Recently when I gave a coding assignment — an art directed web page about a font — a student asked: does it have to be semantic and shit? The whole class looked up, curious about the answer — please let it be no! I answered that no, it doesn’t have to be semantic and shit, but it does have to be well designed and the user experience should be well considered. Relieved, all of my students agreed. They do care about a good user experience.

The joke here is, of course, that a well considered user experience starts with well considered HTML.

Somehow my students are allergic to semantics and shit. And they’re not alone. If you look at 99% of all websites in the wild, everybody who worked on them seems to be allergic to semantics and shit. On most websites heading levels are just random numbers, loosely based on font-size. Form fields have no labels. Links and buttons are divs. It’s really pretty bad. So it’s not just my students, the whole industry doesn’t understand semantics and shit.

Recently I decided to stop using the word semantics. Instead I talk about the UX of HTML. And all of a sudden my students are not allergic to HTML anymore but really interested. Instead of explaining the meaning of a certain element, I show them what it does. So we look at what happens when you add a label to an input: The input and the label now form a pair. You can now click on the label to interact with a checkbox. The label will be read out loud when you focus on an input with a screenreader.
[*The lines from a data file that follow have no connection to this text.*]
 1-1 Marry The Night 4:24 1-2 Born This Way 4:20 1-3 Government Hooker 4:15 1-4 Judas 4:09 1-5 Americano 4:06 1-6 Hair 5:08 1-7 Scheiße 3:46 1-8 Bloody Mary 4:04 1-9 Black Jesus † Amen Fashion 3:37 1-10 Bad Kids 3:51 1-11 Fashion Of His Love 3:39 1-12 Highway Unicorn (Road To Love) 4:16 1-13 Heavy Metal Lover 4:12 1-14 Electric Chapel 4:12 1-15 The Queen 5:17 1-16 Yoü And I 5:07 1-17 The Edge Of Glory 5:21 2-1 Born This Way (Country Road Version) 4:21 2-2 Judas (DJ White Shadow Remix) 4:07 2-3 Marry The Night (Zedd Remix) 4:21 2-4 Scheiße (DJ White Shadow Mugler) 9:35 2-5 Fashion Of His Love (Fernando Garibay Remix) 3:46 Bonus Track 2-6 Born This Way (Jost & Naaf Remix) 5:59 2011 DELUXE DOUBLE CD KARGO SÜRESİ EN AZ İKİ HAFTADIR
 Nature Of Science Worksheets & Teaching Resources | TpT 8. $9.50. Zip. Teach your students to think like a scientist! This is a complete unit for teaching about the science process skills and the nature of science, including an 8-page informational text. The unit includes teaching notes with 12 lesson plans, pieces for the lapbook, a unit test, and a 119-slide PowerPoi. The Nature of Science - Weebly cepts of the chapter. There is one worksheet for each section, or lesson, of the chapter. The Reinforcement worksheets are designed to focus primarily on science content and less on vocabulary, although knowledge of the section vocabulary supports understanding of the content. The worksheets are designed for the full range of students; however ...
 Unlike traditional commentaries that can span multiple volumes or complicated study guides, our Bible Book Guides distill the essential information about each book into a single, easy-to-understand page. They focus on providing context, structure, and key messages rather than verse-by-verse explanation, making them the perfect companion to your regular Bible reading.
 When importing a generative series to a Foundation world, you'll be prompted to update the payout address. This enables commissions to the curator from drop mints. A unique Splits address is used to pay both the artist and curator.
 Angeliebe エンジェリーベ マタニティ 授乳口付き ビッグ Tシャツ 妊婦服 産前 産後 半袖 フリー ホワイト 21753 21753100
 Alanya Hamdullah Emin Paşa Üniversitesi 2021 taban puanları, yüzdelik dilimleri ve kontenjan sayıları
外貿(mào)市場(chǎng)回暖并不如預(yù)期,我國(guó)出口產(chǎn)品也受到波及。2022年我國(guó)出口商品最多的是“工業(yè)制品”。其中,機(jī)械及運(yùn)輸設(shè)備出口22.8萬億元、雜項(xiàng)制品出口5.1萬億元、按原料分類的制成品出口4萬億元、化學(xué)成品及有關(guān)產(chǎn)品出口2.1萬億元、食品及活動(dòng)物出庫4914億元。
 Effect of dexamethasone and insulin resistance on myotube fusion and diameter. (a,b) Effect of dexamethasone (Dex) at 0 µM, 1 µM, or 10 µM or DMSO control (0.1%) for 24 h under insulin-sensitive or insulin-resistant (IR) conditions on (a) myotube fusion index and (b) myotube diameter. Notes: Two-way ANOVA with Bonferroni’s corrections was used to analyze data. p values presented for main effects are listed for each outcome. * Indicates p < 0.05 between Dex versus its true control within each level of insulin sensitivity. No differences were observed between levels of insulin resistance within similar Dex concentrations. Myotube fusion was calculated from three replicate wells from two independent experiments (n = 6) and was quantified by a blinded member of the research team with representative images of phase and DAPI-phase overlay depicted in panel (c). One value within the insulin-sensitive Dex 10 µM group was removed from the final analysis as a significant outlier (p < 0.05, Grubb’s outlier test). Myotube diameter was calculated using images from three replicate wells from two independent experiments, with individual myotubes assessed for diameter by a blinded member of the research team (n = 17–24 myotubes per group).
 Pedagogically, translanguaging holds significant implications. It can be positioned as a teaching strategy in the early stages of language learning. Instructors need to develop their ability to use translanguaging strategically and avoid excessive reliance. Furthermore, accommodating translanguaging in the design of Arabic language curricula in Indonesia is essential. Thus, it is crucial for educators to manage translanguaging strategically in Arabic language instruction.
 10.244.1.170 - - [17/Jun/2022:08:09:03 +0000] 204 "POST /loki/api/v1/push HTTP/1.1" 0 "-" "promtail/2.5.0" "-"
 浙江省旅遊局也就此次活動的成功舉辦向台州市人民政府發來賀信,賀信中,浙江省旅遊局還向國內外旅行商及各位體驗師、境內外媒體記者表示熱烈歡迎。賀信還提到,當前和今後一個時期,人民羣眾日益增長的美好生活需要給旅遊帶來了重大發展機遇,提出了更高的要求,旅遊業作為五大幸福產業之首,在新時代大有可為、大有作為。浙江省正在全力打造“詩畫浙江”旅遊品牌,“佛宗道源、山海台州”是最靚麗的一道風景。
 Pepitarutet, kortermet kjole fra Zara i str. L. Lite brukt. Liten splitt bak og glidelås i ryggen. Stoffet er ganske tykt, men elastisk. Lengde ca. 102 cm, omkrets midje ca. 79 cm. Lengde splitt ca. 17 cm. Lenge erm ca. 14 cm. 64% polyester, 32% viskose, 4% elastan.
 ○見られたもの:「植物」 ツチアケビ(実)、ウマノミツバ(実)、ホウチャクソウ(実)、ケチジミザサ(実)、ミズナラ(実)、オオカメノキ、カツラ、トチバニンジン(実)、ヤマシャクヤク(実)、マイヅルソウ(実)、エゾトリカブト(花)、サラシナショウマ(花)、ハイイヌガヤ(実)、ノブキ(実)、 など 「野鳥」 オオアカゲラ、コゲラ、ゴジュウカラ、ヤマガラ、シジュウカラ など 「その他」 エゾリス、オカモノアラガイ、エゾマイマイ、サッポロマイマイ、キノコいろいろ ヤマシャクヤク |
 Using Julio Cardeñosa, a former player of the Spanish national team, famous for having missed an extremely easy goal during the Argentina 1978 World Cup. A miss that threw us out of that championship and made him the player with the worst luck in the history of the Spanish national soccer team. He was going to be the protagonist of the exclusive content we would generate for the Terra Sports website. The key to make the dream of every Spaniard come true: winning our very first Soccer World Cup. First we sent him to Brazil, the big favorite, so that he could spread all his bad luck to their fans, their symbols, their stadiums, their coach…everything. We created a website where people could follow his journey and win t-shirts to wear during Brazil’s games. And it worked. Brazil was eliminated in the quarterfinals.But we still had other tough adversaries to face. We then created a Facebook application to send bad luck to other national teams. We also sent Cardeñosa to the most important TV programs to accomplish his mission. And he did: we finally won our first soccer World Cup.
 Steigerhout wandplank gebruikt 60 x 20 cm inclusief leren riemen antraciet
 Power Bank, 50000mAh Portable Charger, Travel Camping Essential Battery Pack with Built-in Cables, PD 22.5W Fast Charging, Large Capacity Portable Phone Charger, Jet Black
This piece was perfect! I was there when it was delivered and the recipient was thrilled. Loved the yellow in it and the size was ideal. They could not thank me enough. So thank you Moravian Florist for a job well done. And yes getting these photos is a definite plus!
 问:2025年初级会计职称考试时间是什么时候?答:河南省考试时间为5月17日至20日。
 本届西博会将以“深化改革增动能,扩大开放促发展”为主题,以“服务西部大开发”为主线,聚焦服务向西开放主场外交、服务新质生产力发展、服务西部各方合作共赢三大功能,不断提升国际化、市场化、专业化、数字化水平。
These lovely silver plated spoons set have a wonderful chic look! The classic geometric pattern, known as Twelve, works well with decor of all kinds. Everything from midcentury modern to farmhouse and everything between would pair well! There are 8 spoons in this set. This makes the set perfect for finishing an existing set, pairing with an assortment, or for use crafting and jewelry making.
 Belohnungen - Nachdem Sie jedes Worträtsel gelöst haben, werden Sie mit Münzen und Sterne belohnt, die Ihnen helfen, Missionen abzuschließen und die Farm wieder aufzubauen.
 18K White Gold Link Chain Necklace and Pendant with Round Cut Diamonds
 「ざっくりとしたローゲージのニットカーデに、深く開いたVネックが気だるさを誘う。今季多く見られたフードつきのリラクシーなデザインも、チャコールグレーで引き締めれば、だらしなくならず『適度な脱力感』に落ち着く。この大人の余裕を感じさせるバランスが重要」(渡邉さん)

When you hover over a label, the hover state of the connected input is shown. My students love stuff like that. They care about UX.

I show them that a span with an onclick-event might seem to be behaving like a link, but that there are many layers of UX missing when you look a bit closer: right-click on this span, and a generic context menu opens up. When on the other hand you right-click on a proper link like this one a specialised context menu opens, with all kinds of options that are specific to a link. And I show them that proper links show up when you ask your screen reader to list all the links on a page, yet spans with an onclick-event don’t. Moreover, a span doesn’t receive focus when you tab to it. And so on. My students see this and they get it. And they love the fact that by being lazy they get much more result.

So when I teach about HTML I always start with the elements that are obviously interactive. I show them the multitude of UX layers of a link, I show them the layers and layers of UX that are added to a well considered form. I show them what happens on a phone when you use an input with a default text type instead of the proper type of email. They get this, and they want to know more. So I show them more. I show them the required attribute which makes it possible to validate not only form fields, but also fieldsets and forms. They love this stuff.

Then I go on and show the details element with a summary. Whoah! No JavaScript!

These interactive things are the most important parts of HTML. These are the things that truly break or make a site. If you don’t use these elements properly, many people are actively excluded and the UX degrades in many ways. The interactive elements are what makes the web the web.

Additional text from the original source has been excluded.